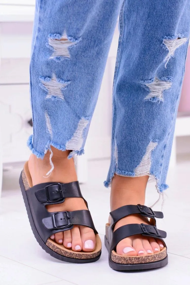 Damskie Czarne Klapki Z Klamrami Na Korku Ferone
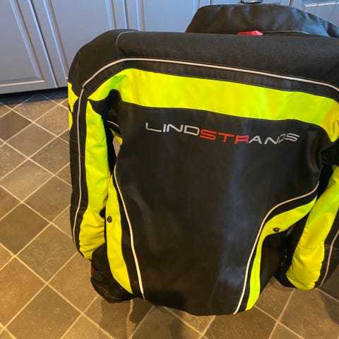 Jacka: Yamaha Racing motorcykeljacka i textil med svart grundfärg och blåvita detaljer. Jackan har hög krage, dragkedja med tryckknappar och flera sömmar och paneler anpassade för motorcykelkörning.
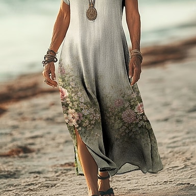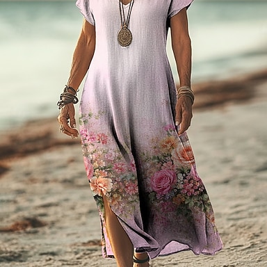Damen Kleid Set Maxikleid A-Linien Kleid Sommerkleid Urlaub Ombre Grafik Schichten Druck Maxikleid 3/4 Länge Ärmel V-Ausschnitt Alltag Outdoor Blau Lila Grün Frühling Herbst Reguläre Passform
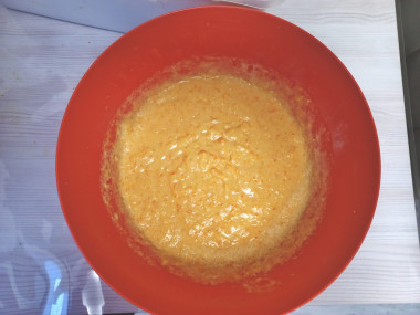 Подготовила основу для теста по консистенции сметаны, добавила туда цедру и измельченные апельсины, отправила всю эту красоту в духовку. Специальной формы для кекса у меня нет, поэтому использовала разъемную для бисквита.
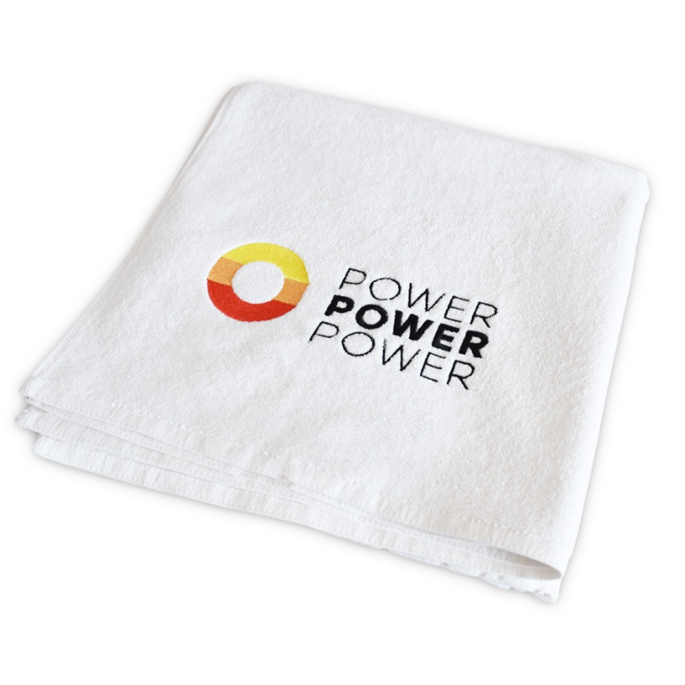 Fehér törölköző, amely 70 x 140 cm-es mérete ideális kéztörlőként vagy arctörlőként való használatra.
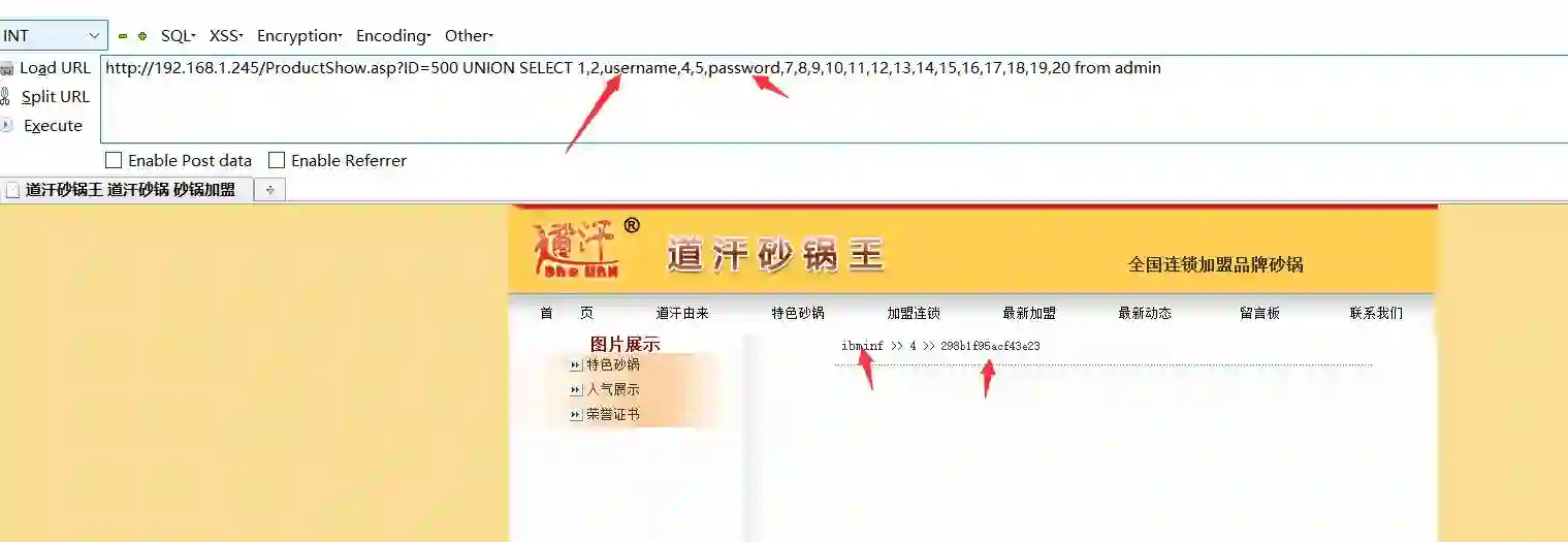 http://192.168.1.245/ProductShow.asp?ID=500 UNION SELECT 1,2,3,4,5,6,7,8,9,10,11,12,13,14,15,16,17,18,19,20 from admin
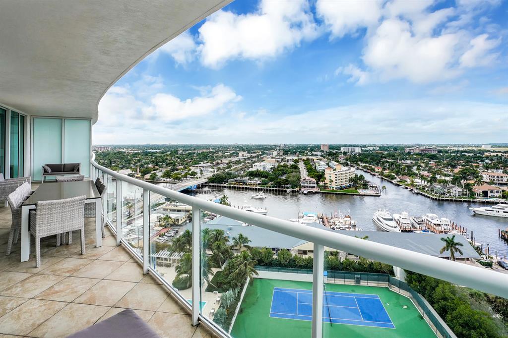 SPECTACULAR TWO BEDROOM CONDO WITH A DEN AT THE LUXURIOUS PLAZA AT OCEANSIDE LOCATED ON THE 15TH FLOOR WITH BREATHTAKING INTRACOASTAL AND CITY VIEWS FROM EVERY ROOM. PLENTY OF NATURAL LIGHT AND AN OPEN FLOOR PLAN WITH FLOOR TO CEILING WINDOWS WITH A SPACIOUS OPEN TERRACE FROM THE LIVING ROOM AND THE MASTER SUITE. SOLD TURNKEY WITH GORGEOUS FURNISHINGS AND DECOR DESIGNED BY AN INTERIOR DECORATOR. THE GOURMET KITCHEN HAS EUROPEAN STYLE CABINETRY, VIKING STAINLESS STEEL APPLIANCES AND GRANITE COUNTER TOPS. THE OVERSIZED MASTER SUITE HAS TWO WALK-IN CLOSETS AND THE GUEST SUITE HAS ONE WALK-IN CLOSET WITH A PRIVATE BATH. TWO GARAGE PARKING SPACES AND A LARGE STORAGE UNIT ALSO COMES WITH THE CONDO.
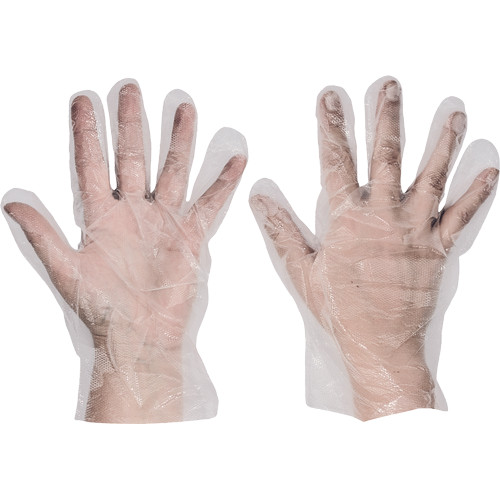 • élelmiszerekkel való rövid idejű érintkezésre alkalmas, 0,018 mm polietilén fóliából készült, egyszerhasználatos kesztyű
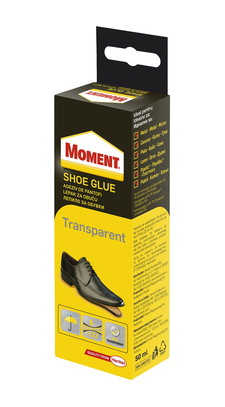 Moment Shoe Glue e прозрачно контактно лепило за огромно разнообразие от материали; за комбинирано лепене на: дърво, фурнир, пластмаса, стъкло, гума, кожа, корк, филц, твърдо PVC, пенопласт, метал и др; лепилото се нанася и на двете основи, изчаква се 12-15 мин, след което се притиска силно; изключителна термоустойчивост: от -40°C до +70°C.; не съдържа циклохексан (СС6 free); не капе; температура на работа от +18С до +25С; не е подходящо за стиропор, полиетилен, полипропилен, изкуствена кожа.; Разход: 250-350 g/m2 при двустранно нанасяне;
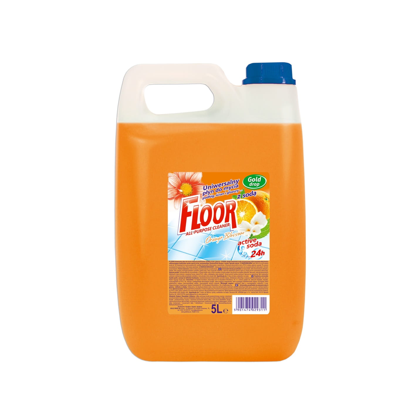 Płyn o pojemności 5 l, uniwersalny z dodatkiem olejku pomarańczowego. Przeznaczony do mycia podłóg, ścian i glazury. Pozostawia przyjemny, długotrwały zapach. Ma właściwości antybakteryjne.
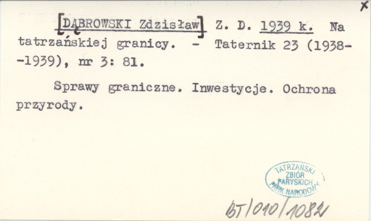Z. D. [DĄBROWSKI Zdzisław] 1939 k Na tatrzańskiej granicy.
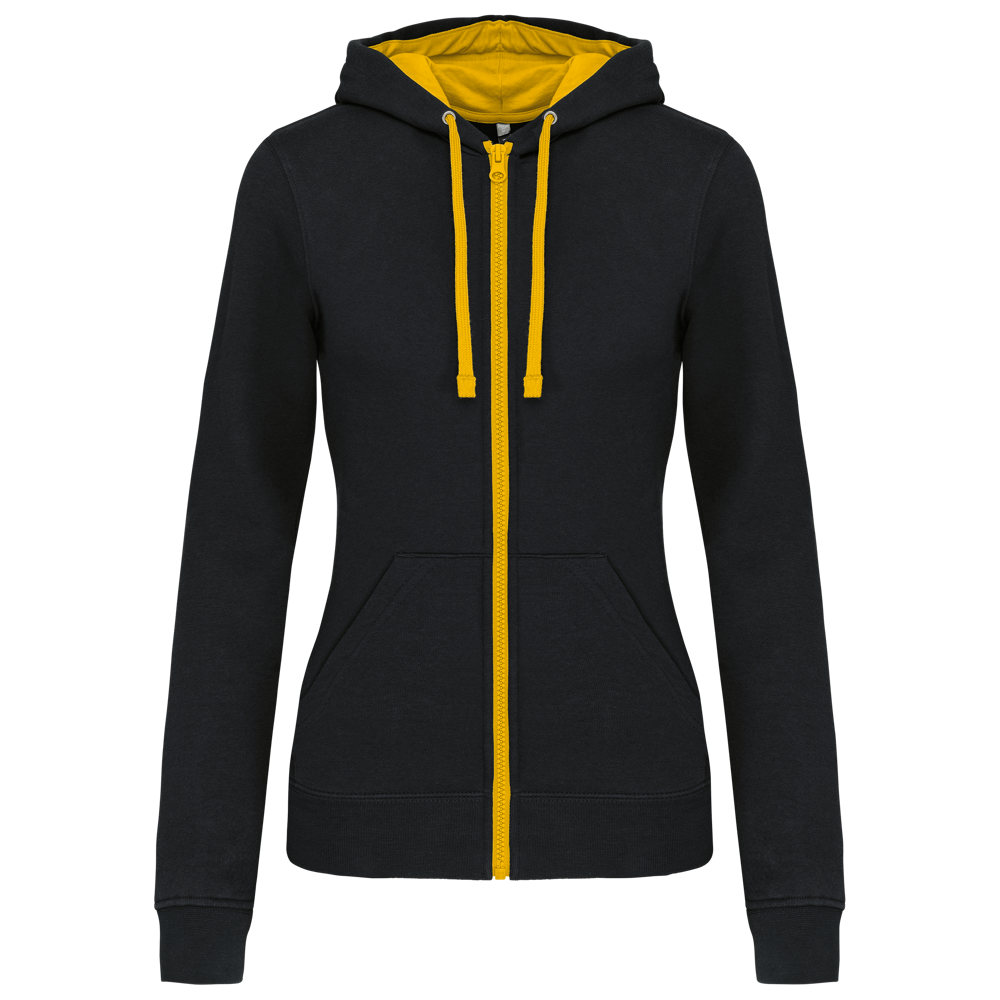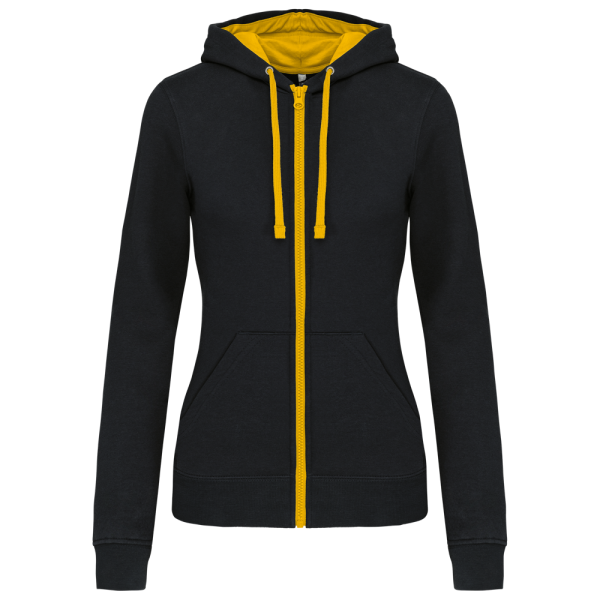 K467 - Damessweater met rits en capuchon in contrasterende kleur
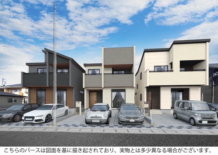 - ※完成予想図やCG合成画像は、門塀・植栽・庭・外観等、実際とは多少異なる場合があります。
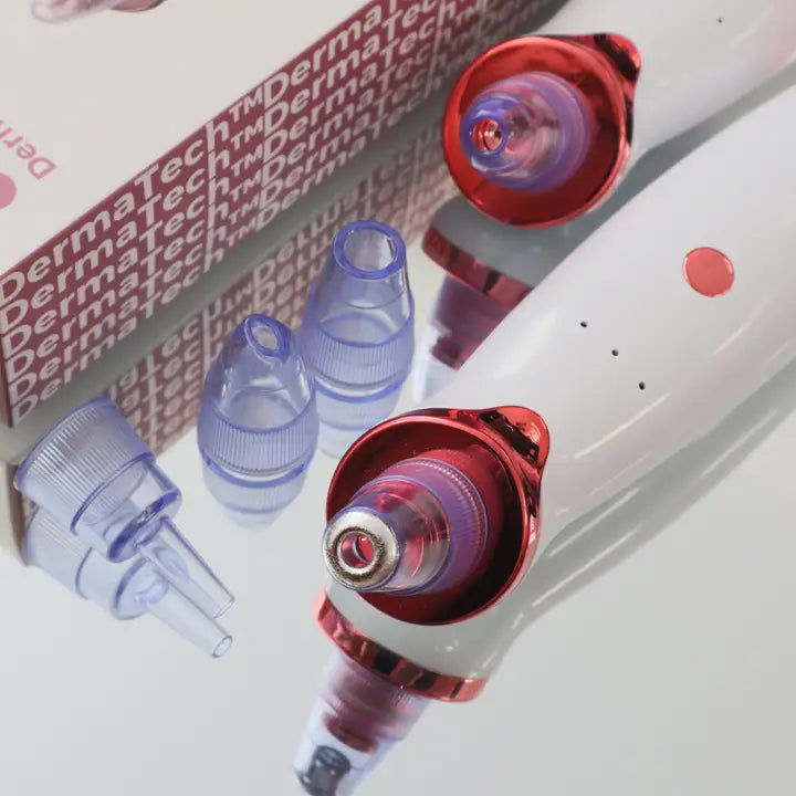 At-home microdermabrasion has never been so easy! Unclogged pores, visibly reduced pore size, and noticeably clearer skin. Say hello to clear skin with DermaTech! The DermaTech Microdermabrasion Kit uses a popular treatment of microdermabrasion, exfoliation and smooth suction technology to gently remove dead skin cells, cleanse pores, boost collagen production, and promote the growth of new healthy skin cells.

Instructions for the task
For this exercise, output the records exactly but omit their pictures.

Result of this task
 Damskie Czarne Klapki Z Klamrami Na Korku Ferone
 Jacka: Yamaha Racing motorcykeljacka i textil med svart grundfärg och blåvita detaljer. Jackan har hög krage, dragkedja med tryckknappar och flera sömmar och paneler anpassade för motorcykelkörning.
Damen Kleid Set Maxikleid A-Linien Kleid Sommerkleid Urlaub Ombre Grafik Schichten Druck Maxikleid 3/4 Länge Ärmel V-Ausschnitt Alltag Outdoor Blau Lila Grün Frühling Herbst Reguläre Passform
 Подготовила основу для теста по консистенции сметаны, добавила туда цедру и измельченные апельсины, отправила всю эту красоту в духовку. Специальной формы для кекса у меня нет, поэтому использовала разъемную для бисквита.
 Fehér törölköző, amely 70 x 140 cm-es mérete ideális kéztörlőként vagy arctörlőként való használatra.
 http://192.168.1.245/ProductShow.asp?ID=500 UNION SELECT 1,2,3,4,5,6,7,8,9,10,11,12,13,14,15,16,17,18,19,20 from admin
 SPECTACULAR TWO BEDROOM CONDO WITH A DEN AT THE LUXURIOUS PLAZA AT OCEANSIDE LOCATED ON THE 15TH FLOOR WITH BREATHTAKING INTRACOASTAL AND CITY VIEWS FROM EVERY ROOM. PLENTY OF NATURAL LIGHT AND AN OPEN FLOOR PLAN WITH FLOOR TO CEILING WINDOWS WITH A SPACIOUS OPEN TERRACE FROM THE LIVING ROOM AND THE MASTER SUITE. SOLD TURNKEY WITH GORGEOUS FURNISHINGS AND DECOR DESIGNED BY AN INTERIOR DECORATOR. THE GOURMET KITCHEN HAS EUROPEAN STYLE CABINETRY, VIKING STAINLESS STEEL APPLIANCES AND GRANITE COUNTER TOPS. THE OVERSIZED MASTER SUITE HAS TWO WALK-IN CLOSETS AND THE GUEST SUITE HAS ONE WALK-IN CLOSET WITH A PRIVATE BATH. TWO GARAGE PARKING SPACES AND A LARGE STORAGE UNIT ALSO COMES WITH THE CONDO.
 • élelmiszerekkel való rövid idejű érintkezésre alkalmas, 0,018 mm polietilén fóliából készült, egyszerhasználatos kesztyű
 Moment Shoe Glue e прозрачно контактно лепило за огромно разнообразие от материали; за комбинирано лепене на: дърво, фурнир, пластмаса, стъкло, гума, кожа, корк, филц, твърдо PVC, пенопласт, метал и др; лепилото се нанася и на двете основи, изчаква се 12-15 мин, след което се притиска силно; изключителна термоустойчивост: от -40°C до +70°C.; не съдържа циклохексан (СС6 free); не капе; температура на работа от +18С до +25С; не е подходящо за стиропор, полиетилен, полипропилен, изкуствена кожа.; Разход: 250-350 g/m2 при двустранно нанасяне;
 Płyn o pojemności 5 l, uniwersalny z dodatkiem olejku pomarańczowego. Przeznaczony do mycia podłóg, ścian i glazury. Pozostawia przyjemny, długotrwały zapach. Ma właściwości antybakteryjne.
Z. D. [DĄBROWSKI Zdzisław] 1939 k Na tatrzańskiej granicy.
 K467 - Damessweater met rits en capuchon in contrasterende kleur
 - ※完成予想図やCG合成画像は、門塀・植栽・庭・外観等、実際とは多少異なる場合があります。
 At-home microdermabrasion has never been so easy! Unclogged pores, visibly reduced pore size, and noticeably clearer skin. Say hello to clear skin with DermaTech! The DermaTech Microdermabrasion Kit uses a popular treatment of microdermabrasion, exfoliation and smooth suction technology to gently remove dead skin cells, cleanse pores, boost collagen production, and promote the growth of new healthy skin cells.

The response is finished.